I mean, aside from saving their lives, I’d argue that the direwolves are also emotionally hugely important as well. Jon loves and trusts Ghost a great deal; he’s cried with Ghost, confided in him, worried about him, and it’s through Ghost that Jon is able to get a measure of how his siblings are doing. He’s comforted by the presence of Ghost’s litter-mates in his wolf dreams, because they’re a direct line to his own siblings. This same contact is seen with Arya and Bran, and it’s what grounds Arya and reminds her that she’s a Stark with siblings she can one day reunite with. Conversely, it’s part of Sansa’s isolation, because she doesn’t know that Bran, Rickon, and Arya are alive, and doesn’t have a wolf to comfort her. When you remove the direwolves from the story, you leave behind a family that loses a crucial bond and their emotional support animals. The direwolves are part of the family, and that matters for a family that’s always been very close.
Compared to Daenerys, who has no family, instead created a chosen family, among them her own “children”: dragons. They are more than just weapons to her. Well before they could even be considered weapons, they were entirely reliant on her for food and care. She raised them from hatchlings to ferocious beasts, but in the process loses control of them, which is very much analogous to a parent’s experience of their children growing up and no longer needing them.

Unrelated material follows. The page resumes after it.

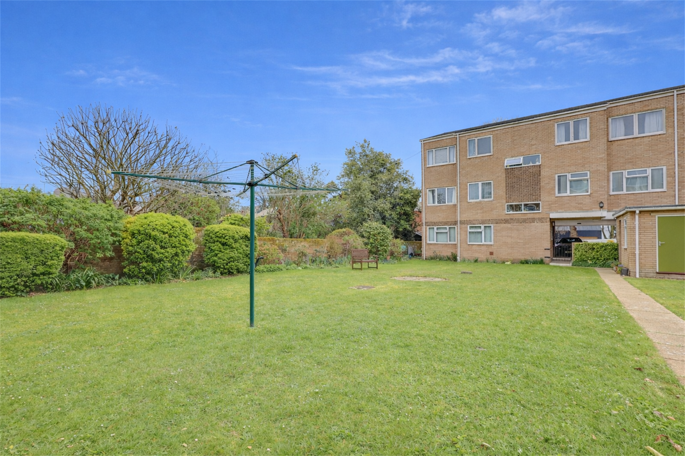 Lawned communal gardens with benches and washing lines, access to lockable shed.

Moreover, the dragons are the causes of her problems as often as they are the solution to them. Things don’t go easy breezy beautiful because Daenerys has dragons; they’re a novelty that the greedy around her are dying to get their hands on, either through trickery or marriage or murder. Dragons are selfish, self-sufficient creatures who don’t know the difference between human and animal, and don’t care. And that’s where the dragons are meaningless if Daenerys wasn’t their mistress: they don’t care.
Dragons don’t care about slavery, or rapes, or children, or women, or thrones, or power. They don’t make policy decisions, they don’t strategize, they don’t plan battles. They can’t make emotional pleas, they aren’t charismatic, they can’t negotiate. Let them roam free and they’ll eat whatever and whoever they want, they’ll destroy cities if they feel like it, and they won’t care one whit for the social structures that humans created. Without Daenerys, the dragons are nothing but fearsome killers. With Daenerys, they can be put to a purpose, and the consequences of that purpose would rest solely on her.